Ship 3DOF class just for drawing.

L

ship length [m]

Type

float

B

ship breath [m]

Type

float

time

Time list of simulation result.

Type

list[float]

u

List of axial velocity [m/s] in simulation result.

Type

list[float]

v

List of lateral velocity [m/s] in simulation result.

Type

list[float]

r

List of rate of turn [rad/s] in simulation result.

Type

list[float]

x

List of position of X axis [m] in simulation result.

Type

list[float]

y

List of position of Y axis [m/s] in simulation result.

Type

list[float]

psi

List of azimuth [rad] in simulation result.

Type

list[float]

δ

rudder angle list of simulation.

Type

list[float]

npm

npm list of simulation.

Type

List[float]

B: float
L: float
draw_chart(x_index: str, y_index: str, xlabel: Optional[str] = None, ylabel: Optional[str] = None, num: Optional[int] = None, figsize: List[float] = [6.4, 4.8], dpi: float = 100.0, facecolor: Optional[str] = None, edgecolor: Optional[str] = None, frameon: bool = True, FigureClass: matplotlib.figure.Figure = <class 'matplotlib.figure.Figure'>, clear: bool = False, tight_layout: bool = False, constrained_layout: bool = False, fmt: Optional[str] = None, save_fig_path: Optional[str] = None, **kwargs) matplotlib.figure.Figure[source]

Draw chart.

Parameters
  • x_index (string) – Index value of X axis.

  • y_index (string) – Index value of Y axis.

  • xlabel (string, optional) – Label of X axis. Defaults to None.

  • ylabel (string, optional) – Label of Y axis. Defaults to None.

  • num (int or str, optional) – A unique identifier for the figure. If a figure with that identifier already exists, this figure is made active and returned. An integer refers to the Figure.number attribute, a string refers to the figure label. If there is no figure with the identifier or num is not given, a new figure is created, made active and returned. If num is an int, it will be used for the Figure.number attribute. Otherwise, an auto-generated integer value is used (starting at 1 and incremented for each new figure). If num is a string, the figure label and the window title is set to this value. Default to None.

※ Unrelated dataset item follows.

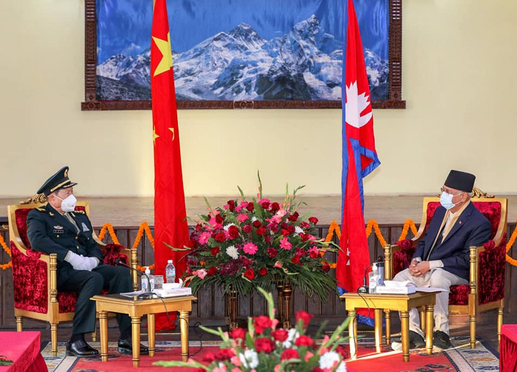 काठमाडौँ । प्रधानमन्त्री केपी शर्मा ओली र नेपाल भ्रमणमा रहेका चीनका रक्षामन्त्री वेइ फेङ्हेले दुई

  • figsize ((float, float), optional) – Width, height in inches. Default to [6.4, 4.8]

  • dpi (float, optional) – The resolution of the figure in dots-per-inch. Default to 100.0.

  • facecolor (str, optional) – The background color.

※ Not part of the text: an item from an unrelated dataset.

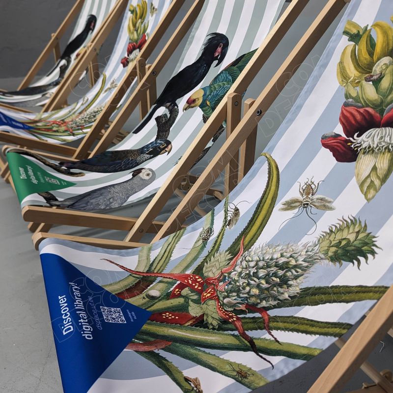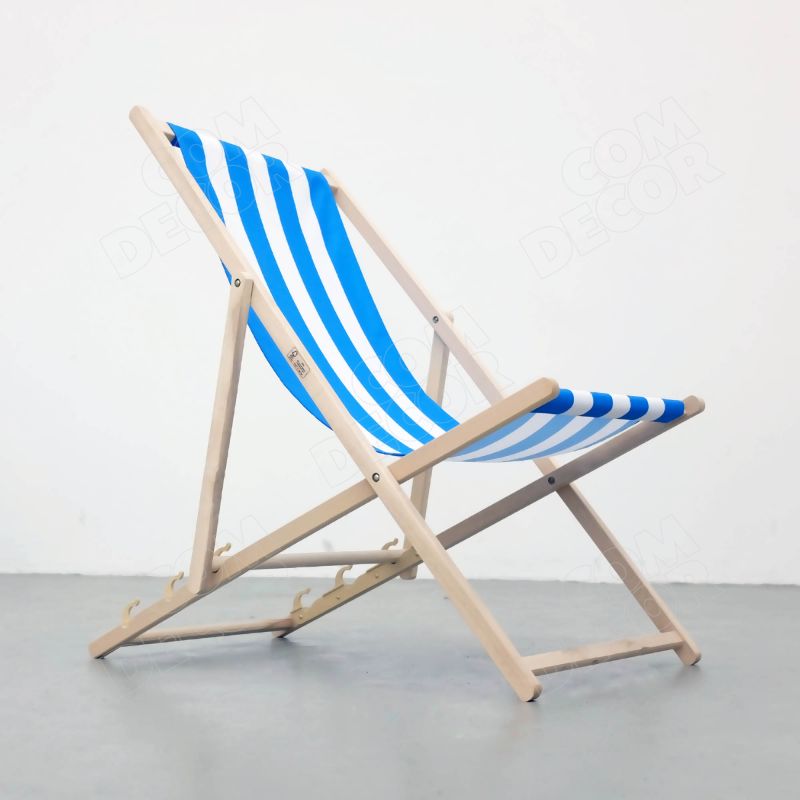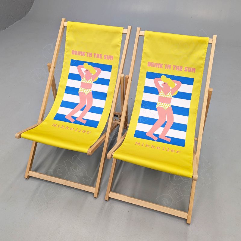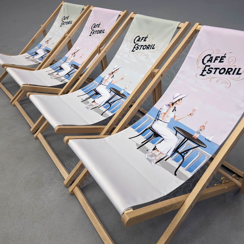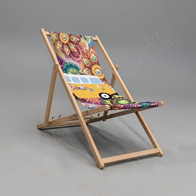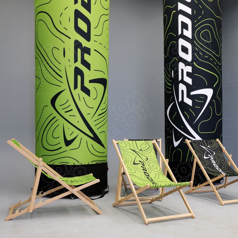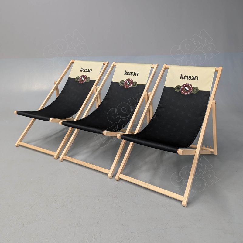 Puitraamiga ja kangast istmeosaga lamamistool. Kangale trükitakse kliendi kujundus või bränding. Lamamistooli kõrgus on reguleeritav.

  • edgecolor (str, optional) – The border color.

  • frameon (bool, optional) – If False, suppress drawing the figure frame. Defaults to True.

  • FigureClass (subclass of matplotlib.figure.Figure, optional) – Optionally use a custom Figure instance. Defaults to matplotlib.figure.Figure.

  • clear (bool, optional) – If True and the figure already exists, then it is cleared. Defaults to False.

  • tight_layout (bool, optional) – If False use subplotpars. If True adjust subplot parameters using tight_layout with default padding. When providing a dict containing the keys pad, w_pad, h_pad, and rect, the default tight_layout paddings will be overridden. Defaults to False.

  • constrained_layout (bool, optional) – If True use constrained layout to adjust positioning of plot elements. Like tight_layout, but designed to be more flexible. See Constrained Layout Guide for examples. (Note: does not work with add_subplot or subplot2grid.) Defaults to False.

  • fmt (str, optional) – A format string, e.g. ‘ro’ for red circles. See the Notes section for a full description of the format strings. Format strings are just an abbreviation for quickly setting basic line properties. All of these and more can also be controlled by keyword arguments. This argument cannot be passed as keyword. Defaults to None.

  • save_fig_path (str, optional) – Path of saving figure. Defaults to None.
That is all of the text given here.